Background: Most critical care patients are considered high risk for hospital-acquired pressure injury (HAPrI) according to industry-standard assessment tools, such as the Braden Scale. Yet, accurately assessing HAPrI risk is critical for allocating preventive resources. Machine learning (ML) techniques have been used to create algorithms that have the potential to better identify high-risk critical care patients. This improved discrimination could result in a more efficient use of limited resources. In response to this need, the National Pressure Injury Advisory Panel's 2019 guidelines called for developing ML algorithms for HAPrI risk prediction that are easily interpretable by healthcare professionals.
Objectives: This research addresses the need for accurate, efficient, and clinically understandable HAPrI risk prediction algorithms using explainable artificial intelligence (XAI) to provide clinician-friendly HAPrI risk predictions.
Methods: For this study, we used Electronic Health Record (EHR) data from adult surgical and cardiovascular surgical Intensive Care Unit (ICU) patients to develop and test ML based algorithms to predict HAPrI. Along with evaluating the effectiveness of the models, we also used model-independent interpretation techniques to present the models in a manner that is easily understandable to humans.
Results: Our final sample consisted of 5,101 patients (split into 80:20 train:test sets). The sample was predominantly male (n = 3302, 65%) and White (n = 4256, 83%). The mean age was 58 years (SD = 17), and HAPrI developed among 333 patients (6.5%). The predictions made by three ML models (extreme gradient boosted machines, random forests, and logistic regression) were similar in performance when evaluated on the test data (AUC range: 0.80-0.81; F1 range: 0.28-0.33).
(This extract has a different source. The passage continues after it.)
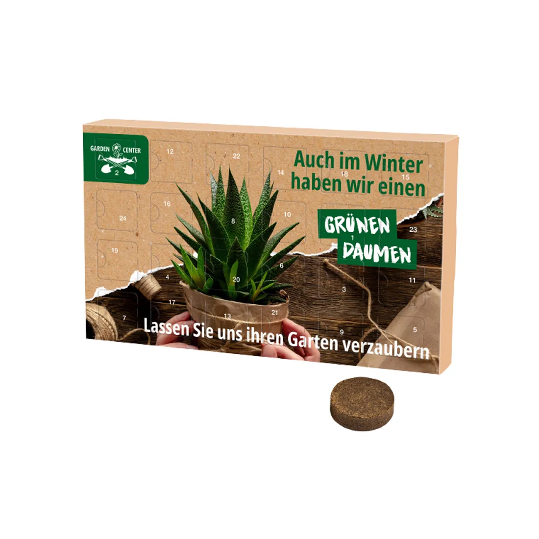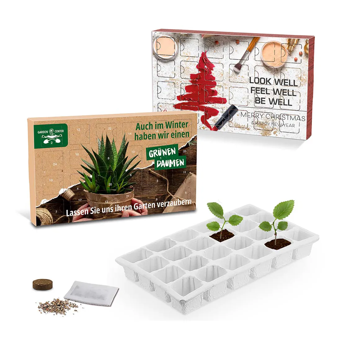 Per gli amanti del green! Stupisci i tuoi contatti con il calendario con i semi: ogni giorno puoi far crescere una piantina nuova! Il calendario dell’avvento è un classico sempre apprezzato, ma con la tua comunicazione green!

However, using model-agnostic interpretation methods, we observed differences in the importance of variables, individual conditional expectations, and local effect fluctuations. Thus, while the models had similar performance, they used different variables and could predict different outcomes for clinically similar patients.
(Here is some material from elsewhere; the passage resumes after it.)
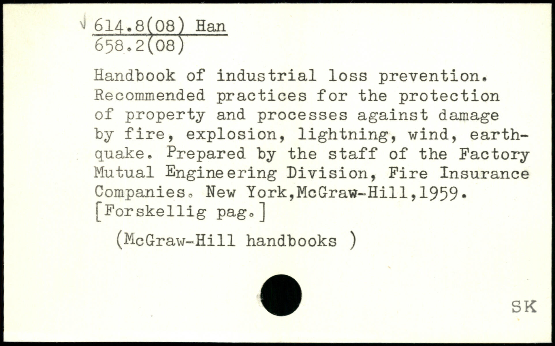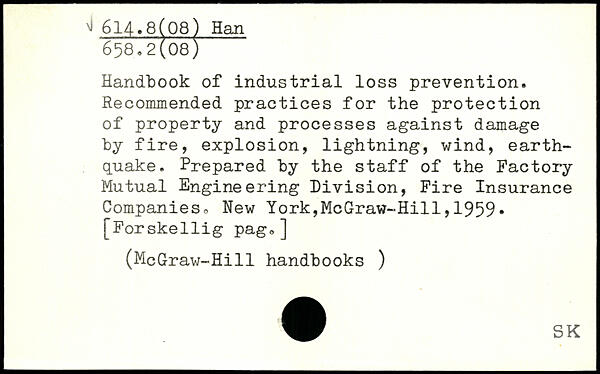 Handbook of industrial loss prevention. Recommended practices for the protection of property and processes against damage by fire, explosion, lightning, wind, earthquake. Prepared by the staff of the Factory Mutual Engineering Division, Fire

Conclusions: Leveraging existing EHR data to create risk algorithms enables near-real-time risk assessment and reduces the need for redundant charting. Using XAI techniques, we gained insight into how specific features within the model affected HAPrI formation. The increased transparency will allow clinicians to gain insight into the algorithm’s decision-making at the patient level, which is essential for enhancing trust. In the future, XAi may also facilitate collaboration between clinicians and data scientists to improve algorithms through expert-augmented ML.